TASK ITEM:
The entries are to be output word for word, with the pictures omitted.

DATASET CONTENT:
==================================================
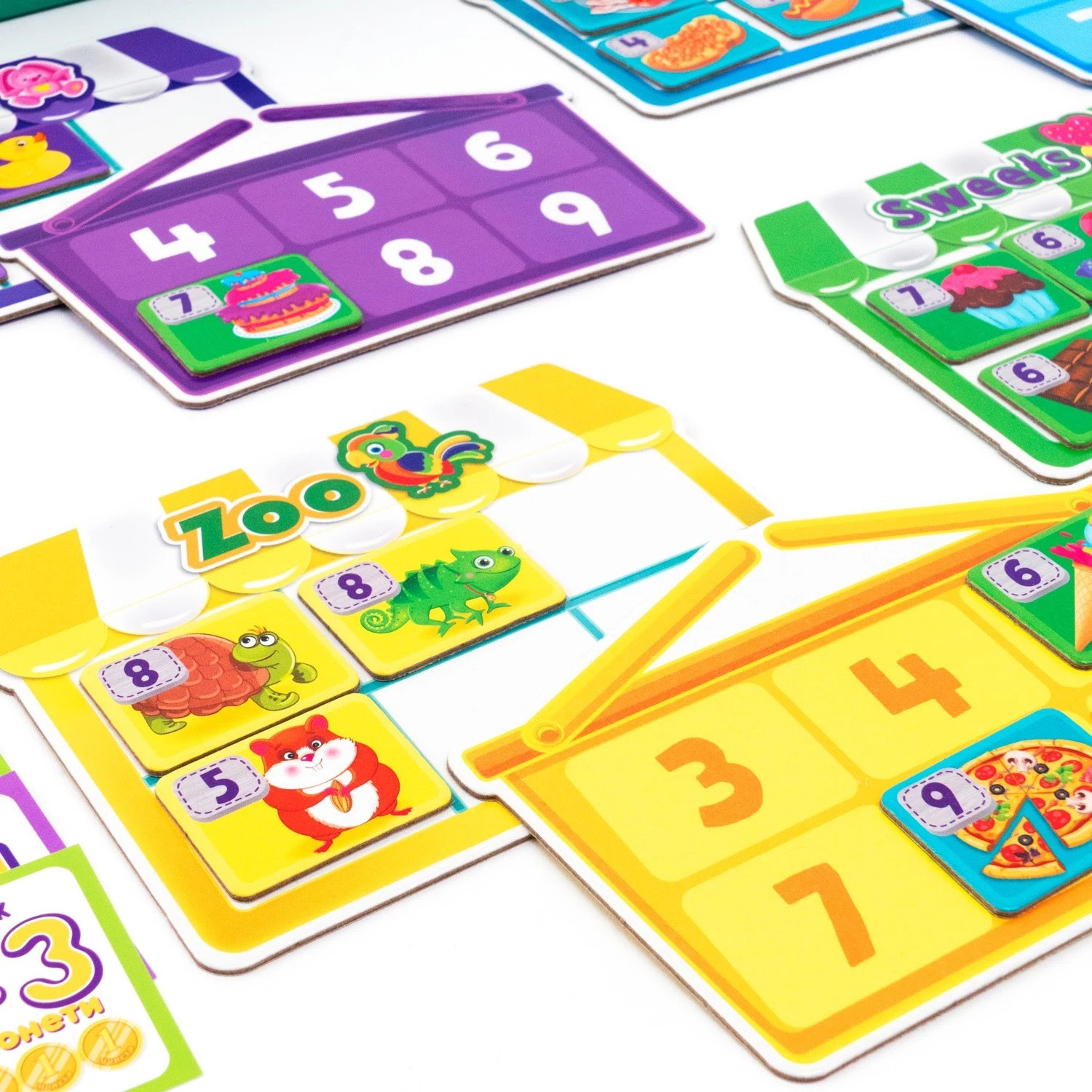 - 4 картки з магазинами.
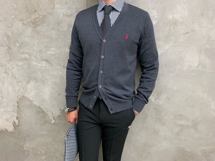 • 아* 스몰체인 레드하트 V넥 울가디건수입풀
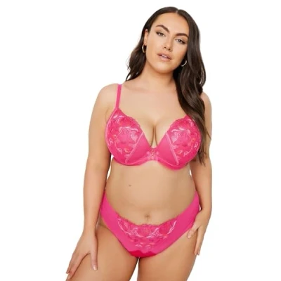 Introduce pretty florals to your lingerie collection with this new-in Yours Curve padded plunge bra. Made from a comfortable woven material, it features floral detailing, wired cups for all-day support, adjustable straps and a hook and eye fastening. Pair with matching briefs for a pretty set you'll love this season! Yours Clothing is a British based brand, and the go-to destination for the latest on-trend plus size clothing designed to fit curves in UK sizes 14-40. We lead the way when it comes to plus size clothing that fits and flatters, making fashion that fits and not fashion to fit into. Adjustable straps and hook and eye fastening. Plus size women's padded bra. Model is 5'10.5"/178cm and size UK 16/EU 44.
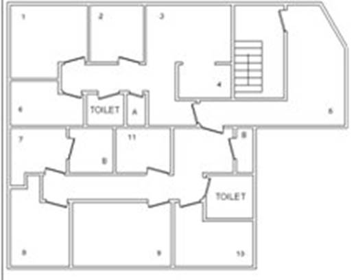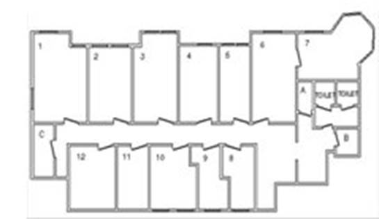 Размеры здания приблизительно 30м на 15м. Предварительный обзор здания показал, что три комнаты могут быть потенциально использованы для аппаратных комнат. На плане они показаны буквами A, B, C.
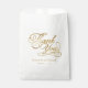 A wedding favor bag featuring a white background with the words "Thank You" in faux gold foil and space for the names and wedding date of the bride and groom.
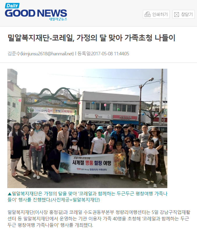 [아크로팬] 밀알복지재단-코레일, 가정의 달 맞아 가족초청 ‘평창 나들이’ 진행
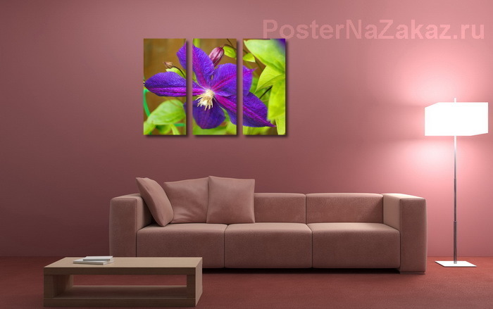 Клематисы - удивительные, яркие цветы...Постер с яркими цветами украсит ваше помещение, придаст свежести вашим чувствам, напомнит вам моменты общения с природой, перенесет в мир цветов, свежести, первозданной радости бытия...
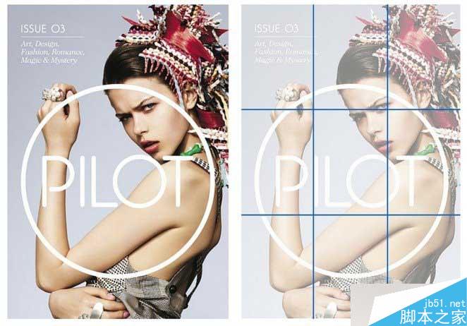 Jason Mildren 為Pilot 雜志設計封面,其中的布局采用的是均勻三分法來構(gòu)建視覺重心,圖中模特的眼、拇指和手臂軸心都處在視覺重心上,人物位置靠右下,留白靠左上,又是一個平衡的布局。
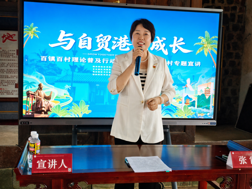 启动仪式后,首场专题宣讲同步展开。张霞院长以《自由贸易港背景下的传统村落建设和乡村振兴》为题,围绕高林村历史文化资源保护、乡村法治建设路径、自贸港发展机遇等内容进行深入讲解。宣讲既立足理论高度,又紧贴乡村发展实际,以通俗生动的语言回应基层关切,为现场干部群众带来了一场有深度、有温度的分享。
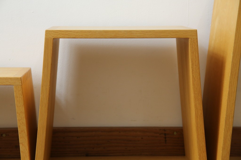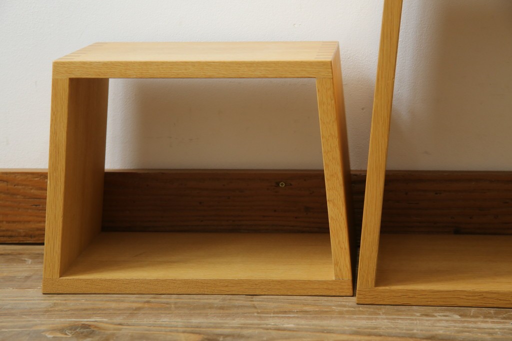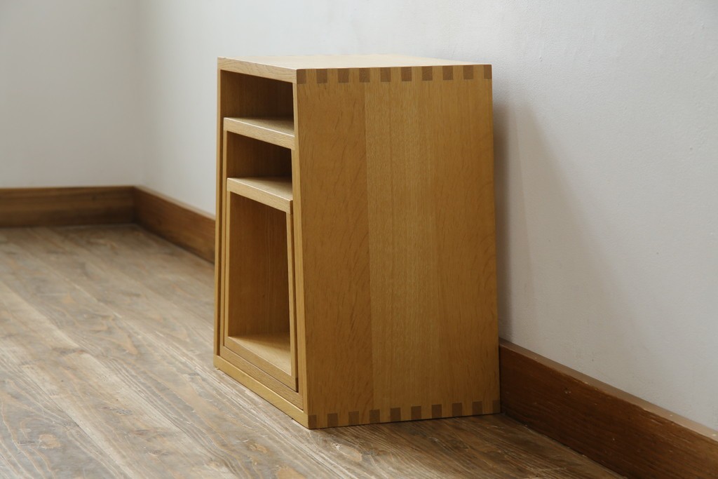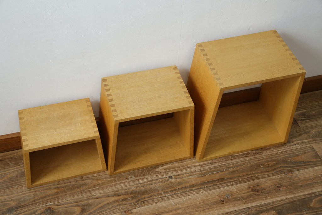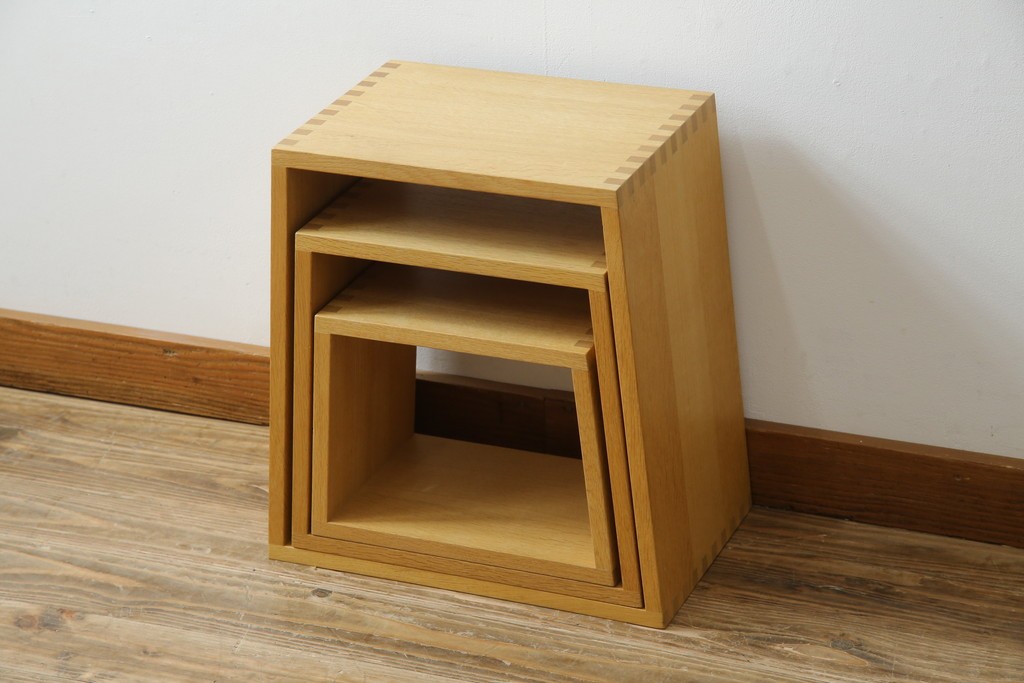 花台・飾り台 > 中古 美品 廃番の希少な楢(ナラ)材モデル 北海道家具ブランド cosine(コサイン) シンプルで機能的な3個組ネストスツール (R-083645)
==================================================
ANSWER TO THIS EXERCISE:
 - 4 картки з магазинами.
 • 아* 스몰체인 레드하트 V넥 울가디건수입풀
 Introduce pretty florals to your lingerie collection with this new-in Yours Curve padded plunge bra. Made from a comfortable woven material, it features floral detailing, wired cups for all-day support, adjustable straps and a hook and eye fastening. Pair with matching briefs for a pretty set you'll love this season! Yours Clothing is a British based brand, and the go-to destination for the latest on-trend plus size clothing designed to fit curves in UK sizes 14-40. We lead the way when it comes to plus size clothing that fits and flatters, making fashion that fits and not fashion to fit into. Adjustable straps and hook and eye fastening. Plus size women's padded bra. Model is 5'10.5"/178cm and size UK 16/EU 44.
 Размеры здания приблизительно 30м на 15м. Предварительный обзор здания показал, что три комнаты могут быть потенциально использованы для аппаратных комнат. На плане они показаны буквами A, B, C.
 A wedding favor bag featuring a white background with the words "Thank You" in faux gold foil and space for the names and wedding date of the bride and groom.
 [아크로팬] 밀알복지재단-코레일, 가정의 달 맞아 가족초청 ‘평창 나들이’ 진행
 Клематисы - удивительные, яркие цветы...Постер с яркими цветами украсит ваше помещение, придаст свежести вашим чувствам, напомнит вам моменты общения с природой, перенесет в мир цветов, свежести, первозданной радости бытия...
 Jason Mildren 為Pilot 雜志設計封面,其中的布局采用的是均勻三分法來構(gòu)建視覺重心,圖中模特的眼、拇指和手臂軸心都處在視覺重心上,人物位置靠右下,留白靠左上,又是一個平衡的布局。
 启动仪式后,首场专题宣讲同步展开。张霞院长以《自由贸易港背景下的传统村落建设和乡村振兴》为题,围绕高林村历史文化资源保护、乡村法治建设路径、自贸港发展机遇等内容进行深入讲解。宣讲既立足理论高度,又紧贴乡村发展实际,以通俗生动的语言回应基层关切,为现场干部群众带来了一场有深度、有温度的分享。
 花台・飾り台 > 中古 美品 廃番の希少な楢(ナラ)材モデル 北海道家具ブランド cosine(コサイン) シンプルで機能的な3個組ネストスツール (R-083645)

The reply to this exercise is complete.